I love Target. Seriously, it's my shit. It's a dream for cheap, cute clothes, not to mention house wares, cleaning supplies, and beauty products. I can't go in there that often, because it's hard to leave without spending money...
However, I hit it up this week to pick up a few things, and got the emergency need to crap at the check-out counter. I guess it turns out that Target does the same thing to me that bookstores do... fascinating...
What a disaster, folks, this bathroom... ughhh...
It doesn't look that bad, but it is. It's just like the mall- too many kids, always a line, smells horrible, and even a religious "sitter" like me feels the urge to squat. It's just unfortunate.
Guess what else gave me the urge to squat? This:

Somebody actually took the time to etch a tag into the toilet seat. Now, that is some dedication. That person got all kinds of down and close to the seat, and etched away... Wow, that's intense.
Turns out, I did sit, not gonna' lie. Who squats to shit? That's just too awkward for me, and then inevitably a splash will ensue... No dice- I avoid a splash at all costs.
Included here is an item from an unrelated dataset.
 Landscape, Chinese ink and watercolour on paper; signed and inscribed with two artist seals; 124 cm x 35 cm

It was quite a large and strange poo, too... not to be TMI, but, well, too bad. It was a normal poo, really, with a strange additional poo wrapped around it that made the whole thing look like a corkscrew. I almost snapped a pic of it, but it automatic flushed! Damn!
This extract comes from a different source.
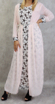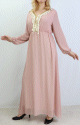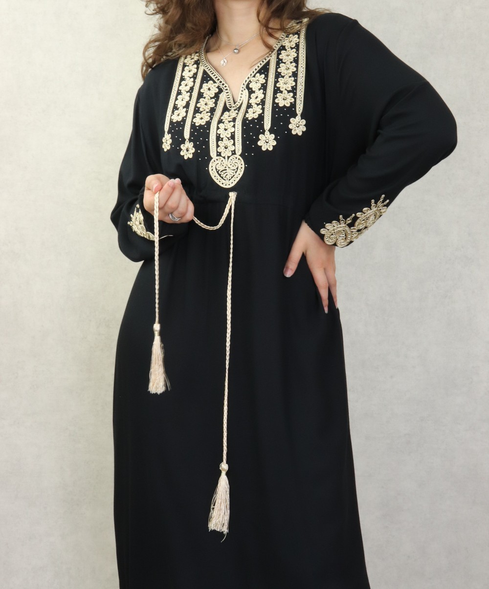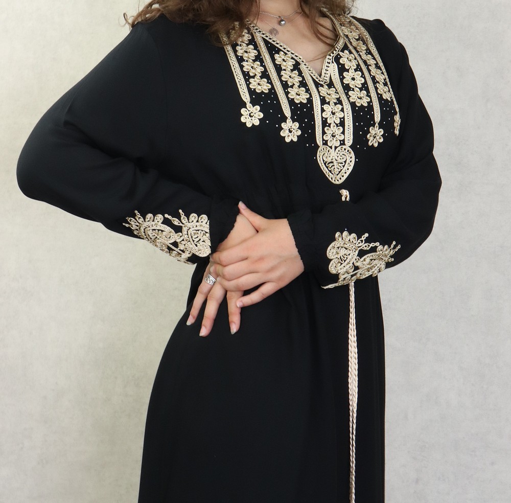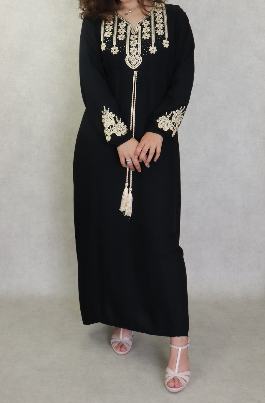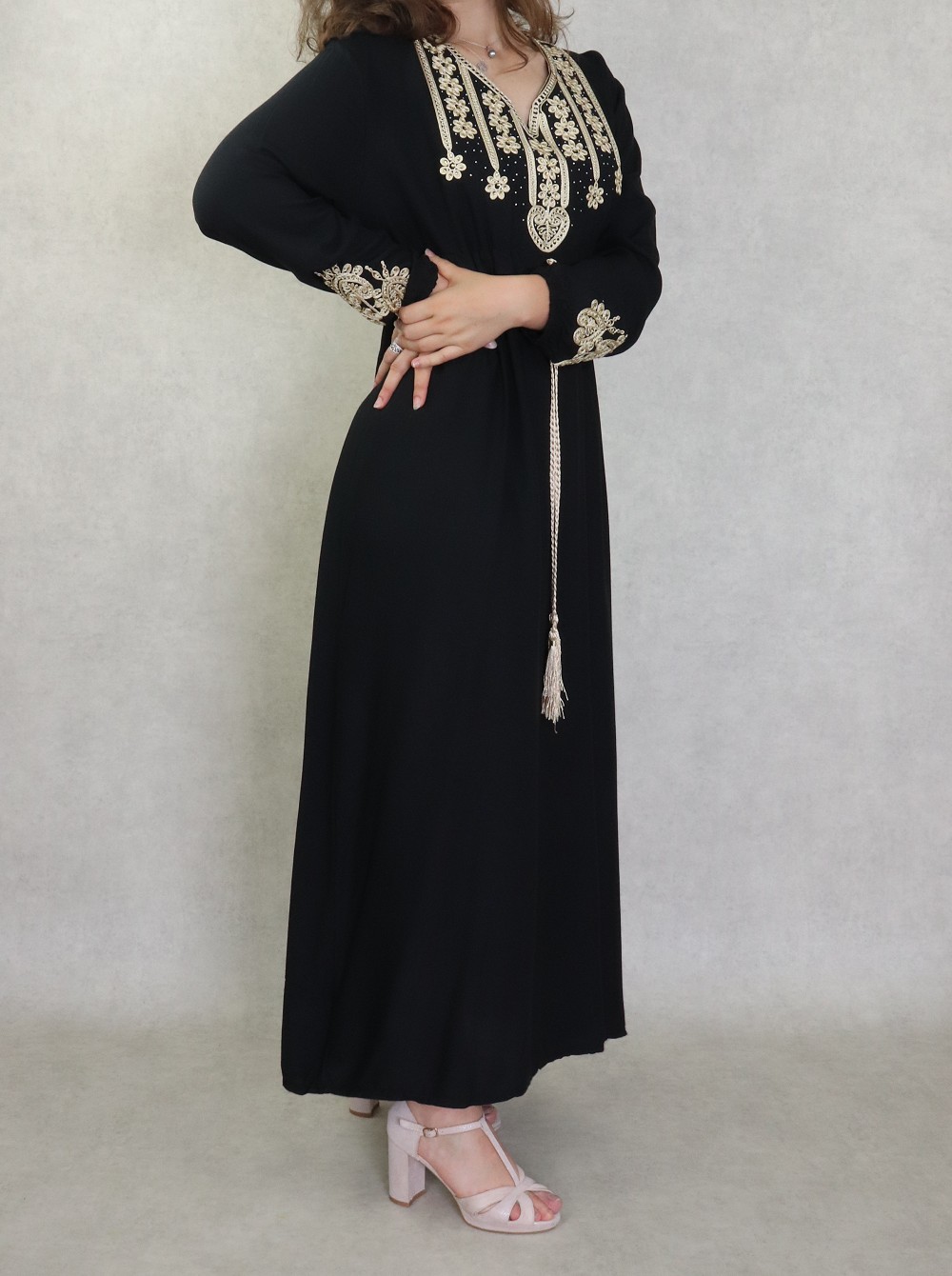 Robe longue, élégante avec strass et broderie, tissu épais (non transparent), col semi ouvert, taille à ajuster avec un jolie lien de serrage à pompons, manches longues brodées finition élastiques aux poignets.

I will say, though, I love an automatic flush- because it means that I don't have to use my foot to press down the flusher (yes, I use my foot to flush even though I sit on the seat- I am not above double standards).
The other crazy thing about this bathroom was the industrial ass hand dryer. I normally hate a hand-dryer, and much prefer a paper towel, but this thing is no joke. My hands were dry in two seconds. Look how it literally blew the skin on my hand around!
The thing even looks hardcore from it's design.
Oops, I got a lady in the reflection... oh, well.
By the way, people were looking at my crazy because I was taking pics in there. Good thing my bathroom visit was on my way out of the store, otherwise Security might have started asking questions.
This place gets a C-. And it only got bumped into the c's because of that amazing hand-dryer. What an invention!